Art. 98 - Toda disposição regulamentar em matéria tributária 
será veiculada por Decreto, sendo vedada outras formas, tais como: instruções, 
portarias e ordem de serviços que se enderecem ao conhecimento do contribuinte. 
 
Art. 99 - A municipalidade dará publicidade a todas as leis e 
regulamentos em matéria tributária. 
 CAPÍTULO III 
 DAS CERTIDÕES NEGATIVAS 
Art. 100 - A prova da quitação dos tributos, quando a Lei 
exigir, será feita por certidão negativa, expedida à vista de requerimento do 
interessado. 
Art. 101 - As certidões solicitadas pelos contribuintes serão 
fornecidas pelo prazo improrrogável de 48 ( quarenta e oito ) horas, sob pena de 
advertência ao responsável pelo setor que ultrapassar o prazo previsto, para 
atendimento da solicitação, com prazo de validade de 180 ( cento e oitenta ) dias. 
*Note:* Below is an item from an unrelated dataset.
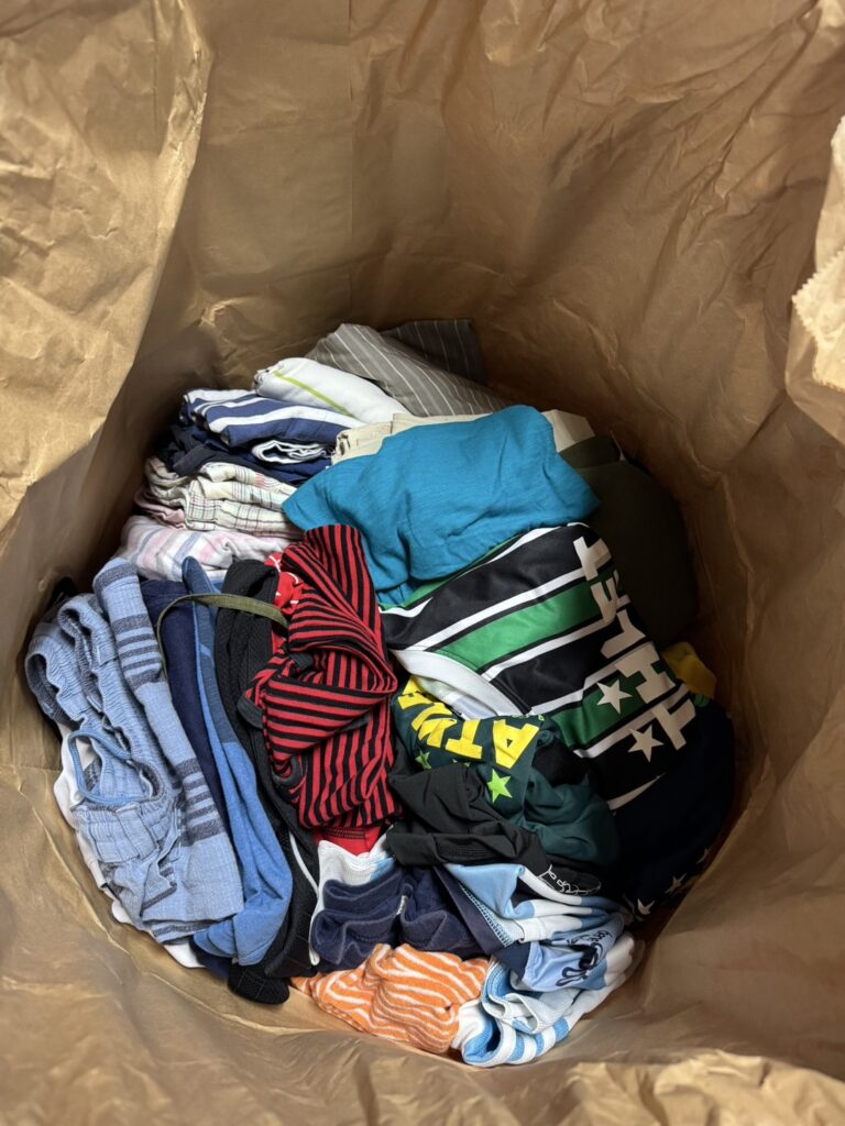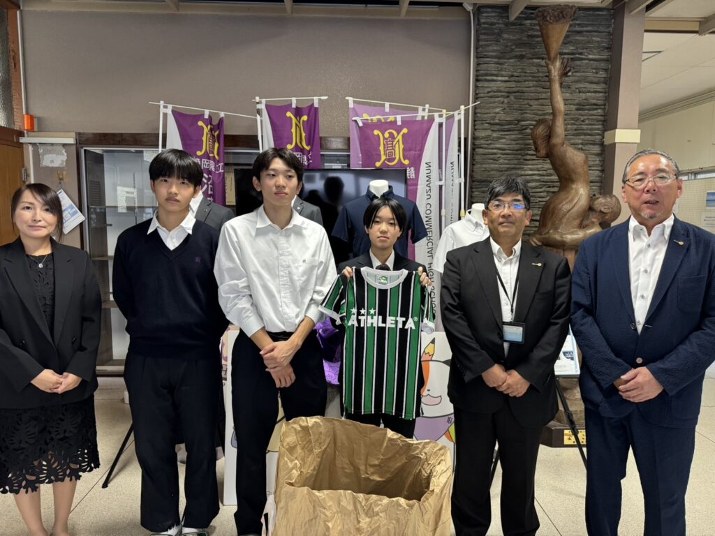 古着deワクチン、沼津RCが提唱している沼津商業高等学校インターアクト部にも協力を依頼し、1袋分の古着が回収できました。山本会長、塚本幹事、小暮インターアクト委員長が学校を訪問し受け取りました。高校生たちの協力に感謝!

Parágrafo Único - A expedição de certidão negativa não impede 
a cobrança de débito anterior, posteriormente apurado. 
 CAPÍTULO IV 
 DA SOLIDARIEDADE E DA RESPONSABILIDADE 
Art. 102 - São solidariamente responsável pelo pagamento dos 
impostos imobiliários, bem como pelo cumprimento dos deveres acessórios, os 
condôminos , sócios, espólio, co-possuidores ou comunheiros. 
Art. 103 - São responsáveis pelo pagamento dos tributos 
imobiliários os sucessores a qualquer título, bem como o oficial de registro de 
imóveis que registrar alienação sem a juntada da certidão negativa respectiva. 
 CAPÍTULO V 
 DO DOMICÍLIO TRIBUTÁRIO 
Art. 104 - É domicílio tributário, o local onde o contribuinte 
reside ou exerce as suas atividades tributárias. Se se tratar de pessoa jurídica de 
direito público ou privado o local de qualquer de seus estabelecimentos. 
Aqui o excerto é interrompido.